On optimising risk exposures with trend-following strategies in currency overlay portfolios

2016-11-17T16:27:46Z (GMT) by Kai-Hong Tee
This paper proposed an optimisation mechanism in the currency overlay portfolios construction process, an area that has not been explored in the literature that tend to focus on pre-determined fixed weights, such as the trading volume of currencies from the survey of the Bank for International Settlement, to construct overlay portfolios and may not always be optimal. This paper optimises the portfolio using the Cholesky Decomposition-based multivariate TVC (Time varying correlation)-GARCH and CC (Constant correlation) GARCH models as allocation schemes, with underlying currencies’ returns originated from a moving average-based trend following single FX strategy in a certain hedging criterion.
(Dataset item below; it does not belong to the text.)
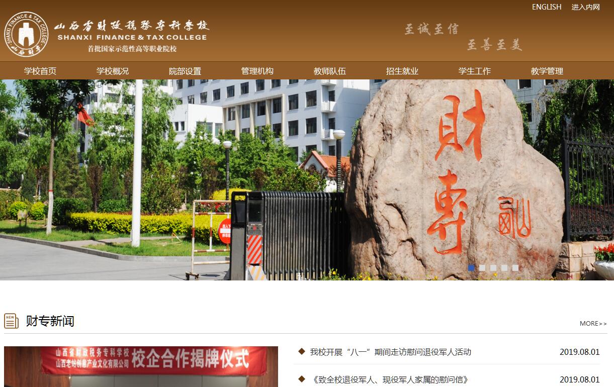 山西省財政稅務(wù)專科學(xué)校坐落在山西省省會太原市,是一所培養(yǎng)高等財經(jīng)應(yīng)用型人才的全日制高等??茖W(xué)校,是首批國家示范性高等職業(yè)院校。學(xué)校前身是1963年成立的山西會計學(xué)校,1985年在其基礎(chǔ)上建立了山西省財政稅務(wù)??茖W(xué)校,隸屬于山西省財政廳。2002年經(jīng)山西省人民政府批準,學(xué)校與太原理工大學(xué)聯(lián)合舉辦太原理工大學(xué)財經(jīng)學(xué)院。學(xué)校秉承“至誠至信,至善至美”的校訓(xùn),堅持“創(chuàng)新驅(qū)動、深耕改革、產(chǎn)教融合、強化特色、開放辦學(xué)、創(chuàng)建名校”的辦學(xué)思路,遵循“能力本位,工學(xué)結(jié)合,校企合作,持續(xù)發(fā)展”的高等財經(jīng)類職業(yè)教育理念,全面提升內(nèi)在品質(zhì)和社會影響,不斷拓展發(fā)展空間,不斷增強發(fā)展后勁,實現(xiàn)了學(xué)校全面可持續(xù)發(fā)展。學(xué)?,F(xiàn)面向全國8個省份招生,全日制在校生5822人,函授生239人。建校以來,已向社會輸送全日制畢業(yè)生55000余人,培養(yǎng)在職干部14萬人次。學(xué)校設(shè)財稅學(xué)院、會計學(xué)院、金融學(xué)院、信息學(xué)院、商學(xué)院、旅游學(xué)院、馬克思主義學(xué)院、公共課教學(xué)部、外語教學(xué)部、體育教學(xué)部、繼續(xù)教育學(xué)院等11個教學(xué)機構(gòu),開設(shè)會計、稅務(wù)、證券與期貨、市場營銷、計算機應(yīng)用技術(shù)、旅游管理等23個??茖I(yè),會計學(xué)、市場營銷、國際經(jīng)濟與貿(mào)易、計算機應(yīng)用技術(shù)、金融學(xué)等5個本科專業(yè)。學(xué)校擁有國家示范校重點建設(shè)專業(yè)6個、國家級教學(xué)改革試點專業(yè)2個、中央財政重點支持建設(shè)專業(yè)2個、省級教學(xué)改革試點專業(yè)4個;國家級精品課程4門,國家級精品資源共享課3門,省級精品課程18門,全國經(jīng)濟類教指委重點建設(shè)課程4門,校級精品課程39門。學(xué)校位于美麗的汾河西畔,迎澤西大街以南,交通便利,條件優(yōu)越,占地面積92932.7平方米,建筑面積128328平方米,館藏紙質(zhì)圖書文獻47.44萬冊(套),教學(xué)用計算機1900臺,教學(xué)儀器設(shè)備值4251.85萬元,網(wǎng)絡(luò)計算機教學(xué)中心、語音實驗室、多媒體教室和校園網(wǎng)等教學(xué)設(shè)施國內(nèi)一流。建有會計多功能綜合模擬實訓(xùn)室、市場營銷綜合實訓(xùn)室、證券金融綜合實訓(xùn)室、稅務(wù)綜合實訓(xùn)室等38個校內(nèi)實訓(xùn)基地,8個國家級職業(yè)技能鑒定機構(gòu),200余個校外實習實訓(xùn)基地和100余個校外產(chǎn)學(xué)合作基地。學(xué)校師資力量雄厚,學(xué)術(shù)氛圍濃郁,現(xiàn)有教職員工403人,其中教授29人,副教授98人,國務(wù)院政府特殊津貼專家1名,“國家高層次人才特殊支持計劃”教學(xué)名師1名,山西省教學(xué)名師1名、山西省青年教育專家5名、山西省“雙師型”教學(xué)名師10名、山西省“雙師型”優(yōu)秀教師17名、山西省青年教育(教學(xué))專家9名,省級青年教師基本功競賽獲獎?wù)?4名。學(xué)校擁有國家級優(yōu)秀教學(xué)團隊1個,省級優(yōu)秀教學(xué)團隊2個;“雙師”素質(zhì)教師133人,占專任教師的70.4%;聘請行業(yè)企業(yè)兼職教師達100余人,建成了一支基礎(chǔ)理論扎實、雙師結(jié)構(gòu)合理、專業(yè)技能精湛,師德高尚、愛崗敬業(yè)、勇于創(chuàng)新的專兼職教師隊伍。學(xué)??蒲谐晒S碩,教師發(fā)表學(xué)術(shù)論文、主編部級核心教材、主持省級以上課題等均位列全省高職院校前茅,曾榮獲山西省百部(篇)工程一等獎4項、山西省教學(xué)成果特等獎2項、山西省教學(xué)成果一等獎8項、山西省科技進步二等獎1項等?!陡呗殨媽I(yè)國家級教學(xué)資源庫的研發(fā)與應(yīng)用》項目榮獲國家教學(xué)成果一等獎,填補了山西省國家級教學(xué)成果一等獎的空白。學(xué)校先后被評為全國財政教育先進單位、國家級依法治校示范校、全國社會實踐先進單位、山西省先進基層黨組織、山西省五一勞動獎狀、山西省模范單位、山西省文明單位、山西省人才培養(yǎng)工作優(yōu)秀單位、山西省高校就業(yè)工作先進單位等。學(xué)校被推選為全國財政職業(yè)教育教學(xué)指導(dǎo)委員會副主任委員單位、全國高職高專校長聯(lián)席會議主席團單位、全國高等財經(jīng)職業(yè)教育協(xié)作委員會和發(fā)展研究中心主任委員單位、中國高等教育學(xué)會職業(yè)技術(shù)教育分會常務(wù)理事單位、中國職業(yè)技術(shù)教育學(xué)會財經(jīng)職業(yè)教育專業(yè)委員會理事長單位、中國教育會計學(xué)會高職院校分會會長單位等。學(xué)校被確定為財政部干部定點培訓(xùn)基地、全國財會類師資培訓(xùn)基地、山西省國稅系統(tǒng)干部定點培訓(xùn)基地、山西省地稅系統(tǒng)干部定點培訓(xùn)基地等。使命呼喚擔當,使命引領(lǐng)未來。我們一定要堅持以習近平新時代中國特色社會主義思想為指引,牢固樹立強烈的責任意識和使命意識,全力開啟新時代山西財專教育事業(yè)發(fā)展新征程,全面推進高質(zhì)量高水平的改革型創(chuàng)新型開放型財經(jīng)類高職名校建設(shè)!

This paper includes a FX strategy based on the equally weighted (average) of the three different single moving average days to determine hedging needs underlying the hedging criterion. The paper uses the returns of the strategies of EW (equally weighted)-TFX and TFX to construct the optimal currencies overlay portfolios. The findings reveal the EW-TFX portfolios with the TVC-GARCH scheme have the best risk-adjusted portfolio returns. There are some evidences on the significant differences of the portfolios' returns of the EW-TFX overlay portfolios with other currencies portfolios, hence supporting the outperformance. The findings also support existing evidence in the literature.